In particular, Pakistani reporters, anti-U.S. bloggers and others have suggested the U.S. is using the American firm formerly known as Blackwater — a claim that chills many Pakistanis because of the company's alleged involvement in killings of Iraqi civilians.
The U.S. Embassy denies it uses Blackwater — now known as Xe Services — in Pakistan.
Scandals involving U.S. private contractors have occurred elsewhere in the region.
In Washington this week, the Commission on Wartime Contracting heard testimony about another contractor — ArmorGroup North America — involving alleged illegal and immoral conduct by its guards at the U.S. Embassy in Afghanistan.
The Iraqi government refused to grant Xe Services an operating license earlier this year amid continued outrage over a 2007 lethal firefight involving some of its employees in Baghdad, although the State Department has temporarily extended a contract with a Xe subsidiary to protect U.S. diplomats in Iraq.
Many of the reports in Pakistan have been fueled by U.S. plans to expand its embassy space and staff. Among the other rumors the U.S. denies: that 1,000 U.S. Marines will land in the capital, and that Americans will set up a Guantanamo-style prison.
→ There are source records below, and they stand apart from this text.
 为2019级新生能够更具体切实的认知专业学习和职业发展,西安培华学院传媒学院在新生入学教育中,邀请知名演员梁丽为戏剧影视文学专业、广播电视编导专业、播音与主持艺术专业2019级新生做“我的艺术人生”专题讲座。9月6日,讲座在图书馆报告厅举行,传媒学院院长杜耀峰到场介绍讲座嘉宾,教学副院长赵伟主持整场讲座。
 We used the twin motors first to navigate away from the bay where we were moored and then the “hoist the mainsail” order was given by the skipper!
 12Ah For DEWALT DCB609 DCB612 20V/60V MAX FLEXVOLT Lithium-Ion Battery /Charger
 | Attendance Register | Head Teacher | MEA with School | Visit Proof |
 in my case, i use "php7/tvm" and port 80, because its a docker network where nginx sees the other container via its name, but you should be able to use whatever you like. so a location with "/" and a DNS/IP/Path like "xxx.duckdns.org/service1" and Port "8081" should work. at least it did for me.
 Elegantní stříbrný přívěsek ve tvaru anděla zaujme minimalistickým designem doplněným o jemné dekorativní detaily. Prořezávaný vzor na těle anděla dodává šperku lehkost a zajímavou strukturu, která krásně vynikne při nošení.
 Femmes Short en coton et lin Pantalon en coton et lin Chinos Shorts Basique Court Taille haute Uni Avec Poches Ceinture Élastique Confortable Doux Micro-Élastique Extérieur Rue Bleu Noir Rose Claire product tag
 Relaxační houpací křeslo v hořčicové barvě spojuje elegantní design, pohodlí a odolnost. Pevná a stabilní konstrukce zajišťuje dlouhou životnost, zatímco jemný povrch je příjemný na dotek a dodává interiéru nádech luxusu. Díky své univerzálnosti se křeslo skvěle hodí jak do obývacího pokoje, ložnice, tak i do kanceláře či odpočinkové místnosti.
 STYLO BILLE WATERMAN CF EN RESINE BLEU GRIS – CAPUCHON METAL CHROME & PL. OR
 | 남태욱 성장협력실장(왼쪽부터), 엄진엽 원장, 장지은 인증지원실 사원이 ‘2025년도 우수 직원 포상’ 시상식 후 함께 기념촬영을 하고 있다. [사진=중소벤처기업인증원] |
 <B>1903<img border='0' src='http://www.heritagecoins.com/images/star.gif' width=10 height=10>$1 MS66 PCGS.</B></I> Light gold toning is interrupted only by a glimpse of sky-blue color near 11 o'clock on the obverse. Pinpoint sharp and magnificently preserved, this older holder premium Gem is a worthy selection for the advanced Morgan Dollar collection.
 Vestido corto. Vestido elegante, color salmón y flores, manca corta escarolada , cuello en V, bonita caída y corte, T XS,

The U.S. says it needs to add hundreds more staff to allow it to disburse billions of dollars in additional aid to Pakistan.
Legislation making its way through Congress will triple nonmilitary aid to Pakistan — one version would provide $1.5 billion a year over five years in humanitarian and economic aid. The goal is to improve education and other areas, lessening the allure of extremism.
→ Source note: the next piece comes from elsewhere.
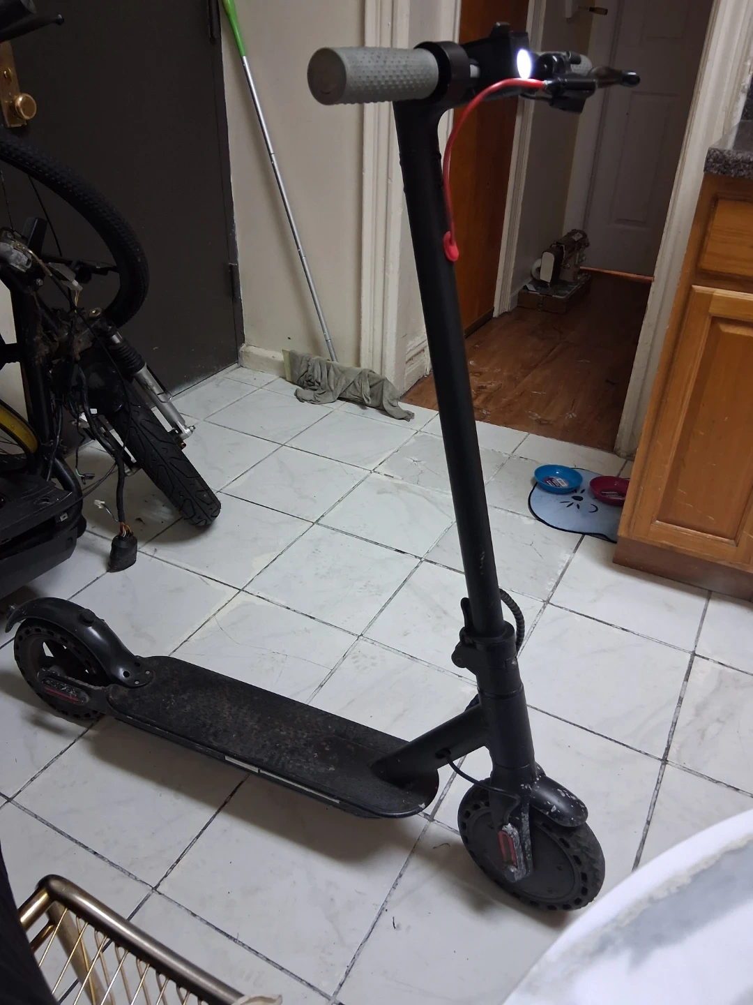 Selling a used black electric scooter. It shows signs of use, but is still in working condition. Perfect for getting around town!
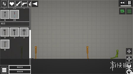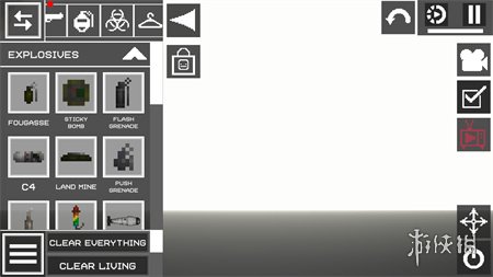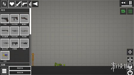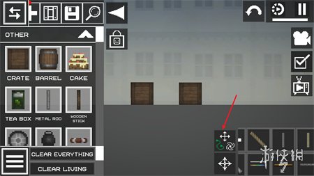 2、进入游戏地图后,你可以在界面左侧看到各种选项,如添加人物、武器、道具等,点击选中这些物品后,拖动它们即可将其放置到游戏场景中。

The U.S. considers stability in Pakistan critical to helping the faltering war effort in neighboring Afghanistan, and has pressed Pakistan to crack down on extremism on its soil.
Al-Qaida and Taliban fighters are believed to use Pakistan's northwestern regions bordering Afghanistan as hide-outs. Their presence has fueled violence in Pakistani territory, including attacks that pit Sunni Muslims against Shiite Muslims.
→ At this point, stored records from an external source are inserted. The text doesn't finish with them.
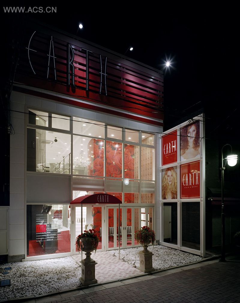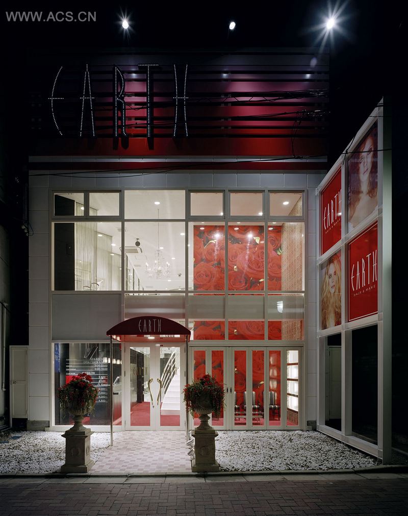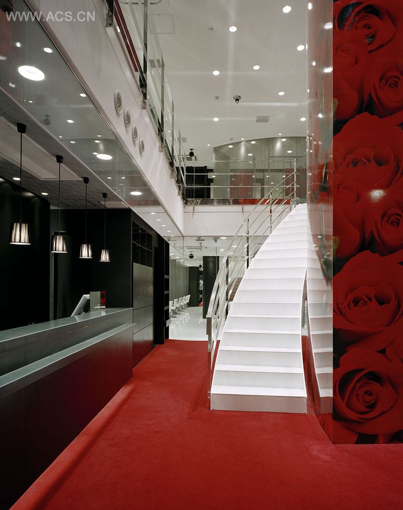 支撑楼梯的墙壁内部是VIP室。外墙表面上贴着巨幅玫瑰花图片,这是EARTH的品牌形象。 每个美发台都由线帘分隔开,保证了每个台上客人的隐私,但缺不觉完全封闭。这一系列线帘也经过特别设计。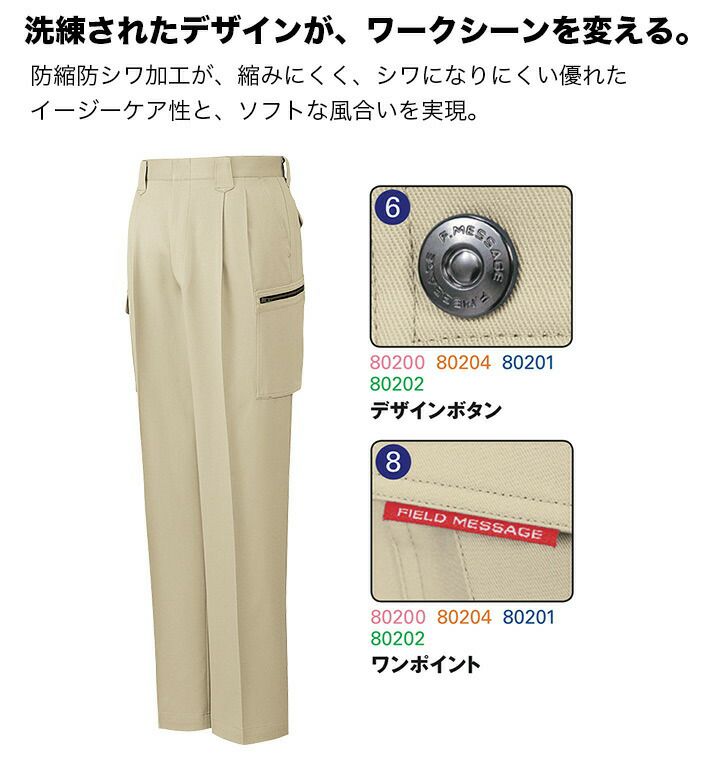 他の画像を見る 洗練されたデザインが、ワークシーンを変える。防縮防シワ加工が、縮みにくく、シワになりにくい優れたイージーケア性と、ソフトな風合いを実現。 ストレッチツータックパンツ 自重堂 80201 男性用 メンズ 秋冬 年間 通年 オールシーズン 綿100% 防縮防シワ加工 作業服 作業着 ズボン スラックス定番【70-88】 本体価格 ¥ 3,300 税込 カートに入れる お気に入りに登録する
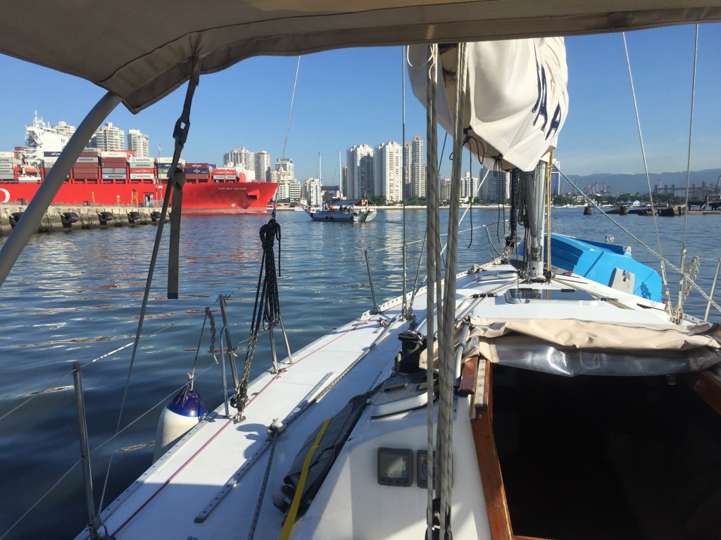 Acordei no dia 9 de janeiro às 6 h, pois nesse horário a maré estava em seu ponto mais alto, o que deveria me garantir uns 4 metros de profundidade na barra do canal. Também queria chegar ao Guarujá naquele mesmo dia, e calculei umas 17 horas de viagem, pois, se não ventasse, eu usaria o motor para tentar manter a velocidade de 7 a 8 nós de cruzeiro.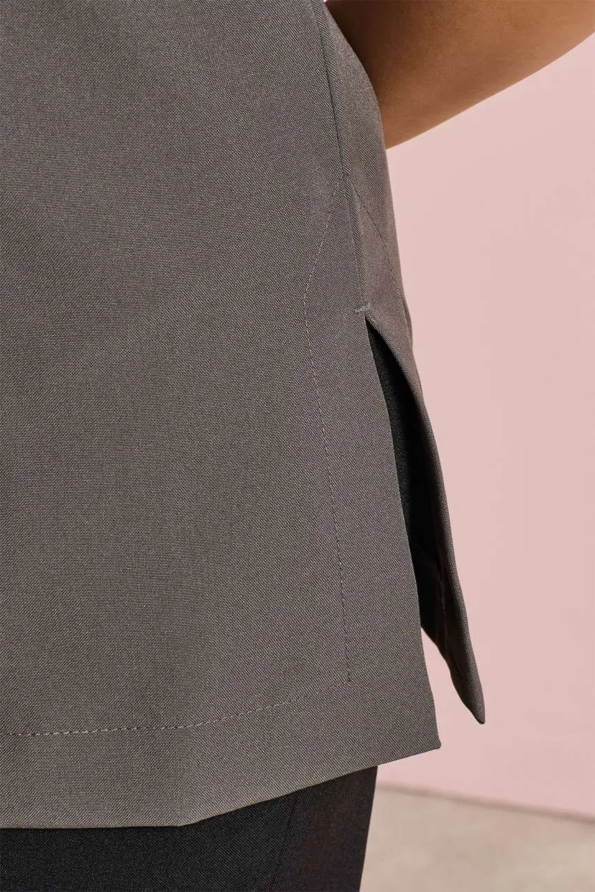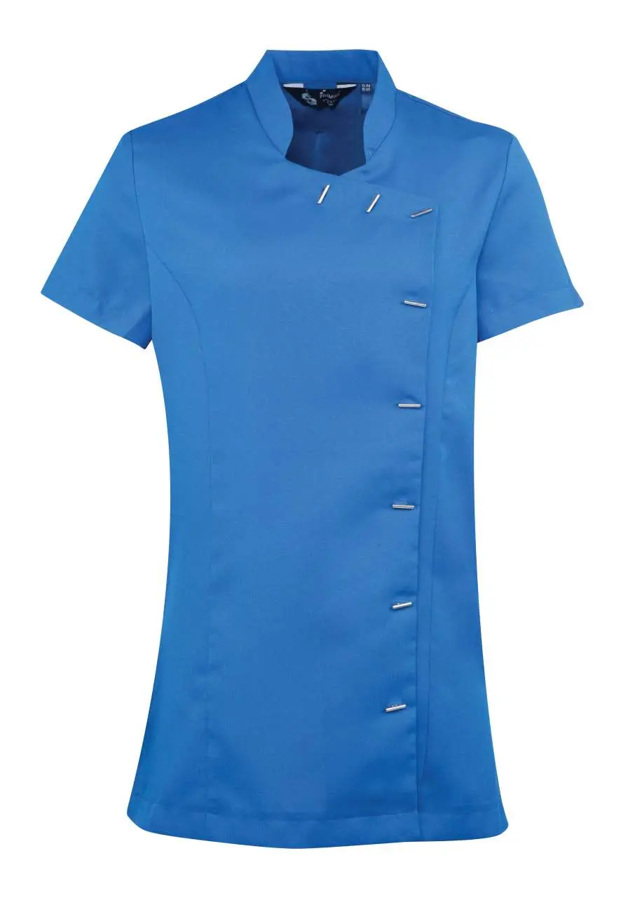 Materijal 100% Poliester ravno tkanje 185gsm Karakteristike Tunika za ljepotu i spa s Mandarin ovratnikom Asimetrično kopčanje na prednjoj strani s osam 'bar' oblikovanih gumba Bočni prorezi Zadnji nabor za lakše kretanje Princeza šavovi

Police said Saturday that the death toll from a suicide car bombing at a hotel in a Shiite Muslim-dominated village in Pakistan's northwest rose to 40. The Friday blast in Usterzai village was followed by a bomb in nearby Cho village that killed a Sunni official.
Pakistan has made some gains against militants, however, especially in the northwest Swat Valley, where a four-month-old offensive appears to have cleared many Taliban insurgents.
The army said in a statement Saturday that 51 militants had surrendered in the last 24 hours, and that another seven were arrested. It also said militants fatally shot five civilians in a minibus.